Monday, August 11, 2014

Recovering Senses

I'm a meth user.

I'm not sure if writing this would spell trouble for me, but I need to write this down to remind myself and people out there that there's a lot to it in battles. I've been clean for 1 year now, and I'm keeping it that way, but like any temptations, they come in the form of a simple Watsapp jingle. I've block and rejected them but still they find a way to contact me.

I will be strong, I will recover from this and I will feel again the beauty of the things around me, things I've done in the past before meth, before my innocence destroyed by my very own hands and conscious. I want to feel happy again, about work, going to gym and be friends to people.

I'm a meth user.

I will not falter, I will stand strong, I will survive

I'm a survivor

Friday, March 21, 2014

Mind in Distress

Humans are funny, sad sod sometimes. It didn't took a genius to figure out if a person is ok and to add insult to injury,

"Are you OK? What Happen To You?"

That got me rolling my eyes like somewhere in a fantasy dream, I came 7 times with just The Destroyer up my ass and i'm loving it.
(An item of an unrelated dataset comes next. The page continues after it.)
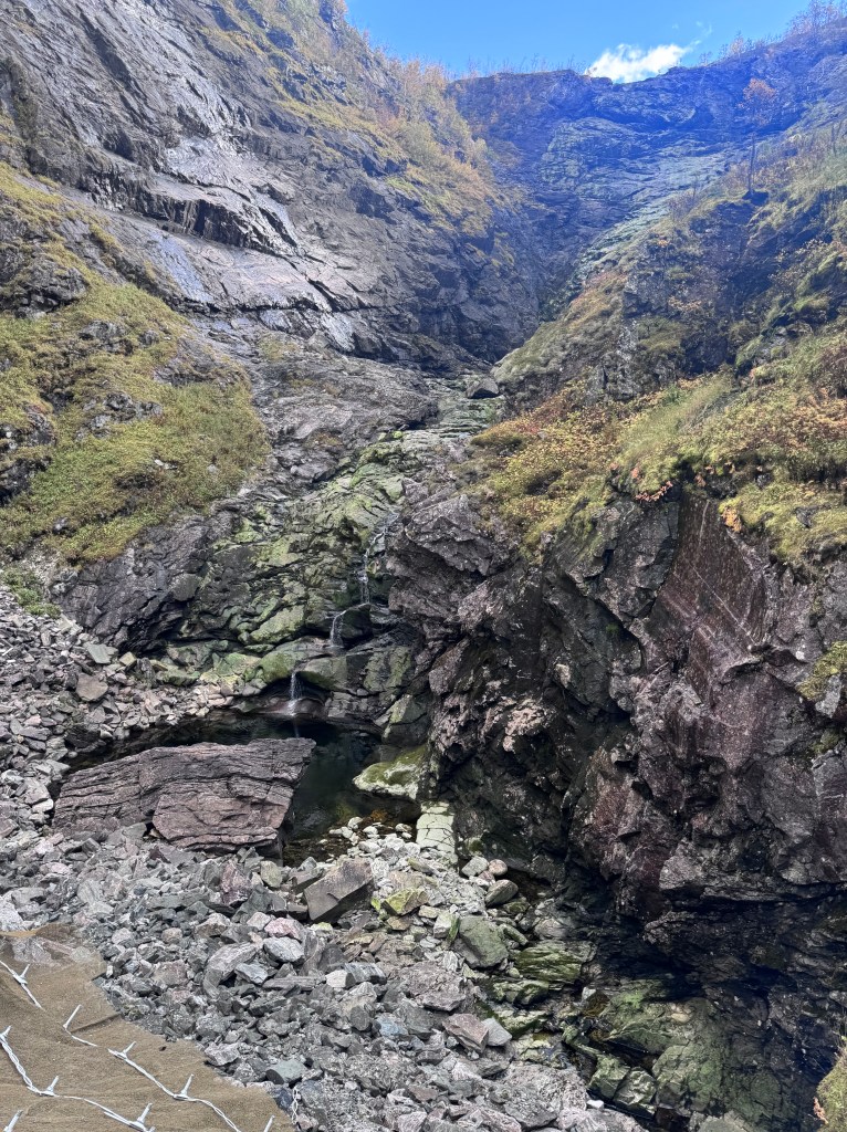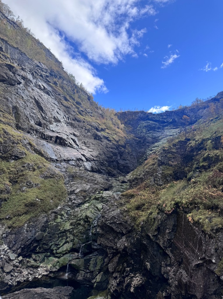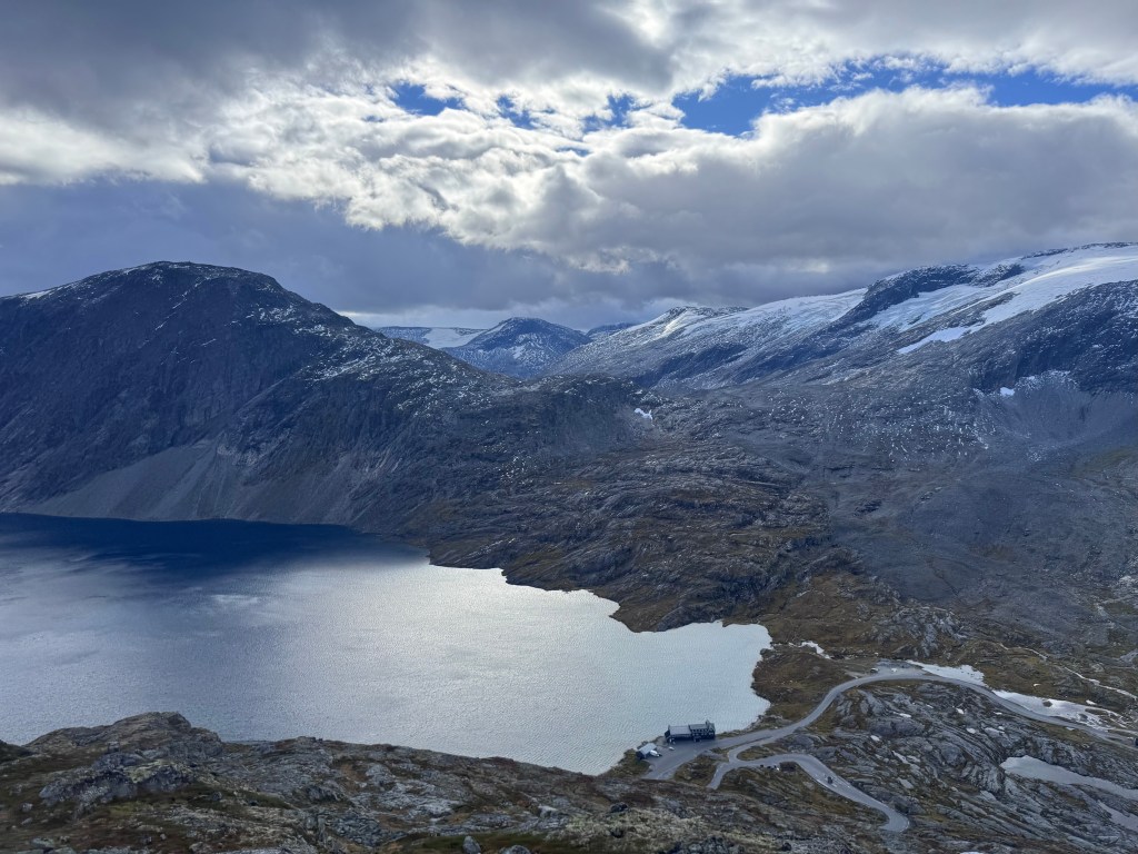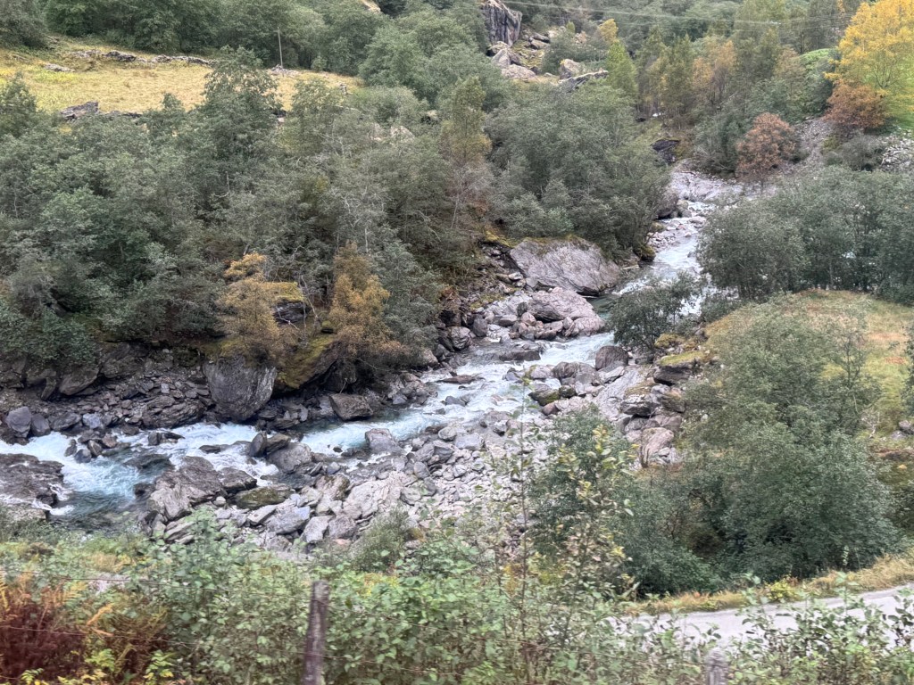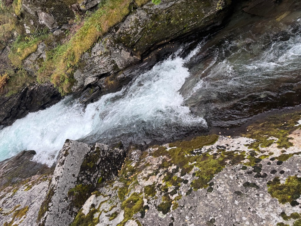 Monday, we took the ferry, about an hour, to Hellesvlt and then on the bus for more slack-jawed awe as we traveled (a long way) through mountains and up another hairpinny road to skywalk — it was bitterly cold as we exited the bus, felt like 40 below with the meanest wind trying to blow us off the platform! We worried about a little dog whose owner kept dragging it nearer the edge, which it, smartly, did not want to get anywhere near. If she had lost hold of the leash, I am sure the wind would have picked it up and hurled it into space. Going down, another time that was not a picnic. There were lots of places like that all over the place. Luckily, well sorta, was going back down into Geiranger we took a slightly less heart attack road than the original one.

Sometimes it's not the work, it's not the people, but the sabotaging whether the means are intentional or not, just seeps the energy away.

Been thinking what to do for the rest of my miserable life, by now i'm clean for 6 months, no drugs, no lewd thoughts of unsafe sex and no more excuses for not going to gym. Still I'm not happy, something is missing. Missing in the sense i'm having withdrawals when it came like a hurricane.

Help me to escape this repetitive loop. I'm tired.